Pairwise comparisons of permutational multivariate analysis of variance revealed that FS colonies did not change after transplantation, exhibited by statistical significance from the SS colonies (Canyons: Adj. p = 0.014; Gardens: Adj. p = 0.026; Supplementary Table 13), and none of them harbored sequence variants from the slope (Figure 3A). At the Canyons site, the colonies in the SF treatment group primarily maintained slope variants, and had significantly different community composition from the native FF colonies (Adj. p = 0.024; Supplementary Table 13), but two of these three colonies harbored a low abundance of flat variants. One Canyons SF colony increased abundance of flat variants after transplantation (SF ID 453 and SS ID 403), and one could not be compared to its SS counterpart due to loss of samples after the experiment (ID 471). In contrast, at the Gardens, two of the three SF colonies were completely dominated by flat, C42 variants (Figure 3A), and were not statistically different from the FF treatment group (Supplementary Table 13). Of these two Gardens SF colonies, one already maintained the flat variants in the SS treatment group (ID 267/217), while the other changed after transplantation into the flat habitat (ID 262/212).

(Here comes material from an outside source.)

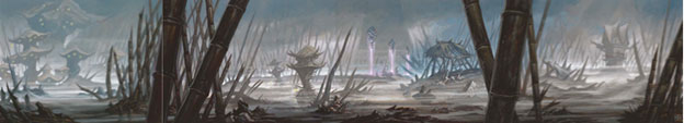 Originally printed in Champions of Kamigawa, this beautifully written line of flavor is taken out of the journal of an individual we are led to believe experienced an otherworldly journey. Kamigawa block’s story revolved around a war waged between the mortal realm and the spirit realm. As we found out on Scourge of Numai, Numai wan once a proud human city. Now only ruins remain among a swamp of rotting bamboo.

Overall, the Symbiodiniaceae community composition 12 months after transplantation was not associated with the percent of partial mortality per colony at either site (permutational MANOVA Canyons: Supplementary Table 14, Gardens: Supplementary Table 15; Figure 3B), but was associated with the interaction of percent cumulative weight gain and transplant habitat at the Gardens site (permutational MANOVA Gardens: F1,35 = 4.817, p = 0.015; Supplementary Table 15). Typically, there was greater weight gain for colonies that harbored flat variants at the flat habitat and lesser weight gain with flat variants at the slope habitat (Figure 3C). The SF colonies at the Gardens site that were comprised of flat Symbiodiniaceae variants had weight gain comparable to colonies in their native habitat. Further, the Gardens SF colony (ID 267) that maintained flat variants prior to transplantation had greater weight gain than most of the slope colonies at the slope, and also exhibited 0% mortality. Although heat tolerance was not tested statistically against Symbiodiniaceae composition, SF ID 267 had higher heat tolerance than its matching SS ID 217, with an average yield value (Fv/Fm) ± standard error of 0.37 ± 0.02 and 0.34 ± 0.07, respectively.
Discussion
Lower partial mortality and greater weight gain in individuals living in native versus non-native habitats confirmed strong local adaptation to depth habitat across small spatial scales in P. damicornis colonies from Heron Island as proposed by Takabayashi and Hoegh-Guldberg (1995) and van Oppen et al. (2018). We also detected signatures of adaptation and acclimatization to heat stress. Native reef flat colonies were more tolerant of elevated temperatures, regardless of transplantation location, demonstrating adaptation, and slope colonies transplanted to the flat increased heat tolerance compared to slope colonies that stayed at the slope, showing acclimatization. The importance of the Symbiodiniaceae symbionts for coral holobiont physiological trait-related fitness was evident from the significant association between the presence of a “flat” Symbiodiniaceae community and an increase in weight gain in a small number of slope colonies following transplantation to the flat at the Gardens site. Variation in physiological performances, host genotypes and symbiont communities between colonies native to the flat or slope habitat are characteristic of local adaptation and indicates that these colonies should be managed as separate populations despite their close physical proximity.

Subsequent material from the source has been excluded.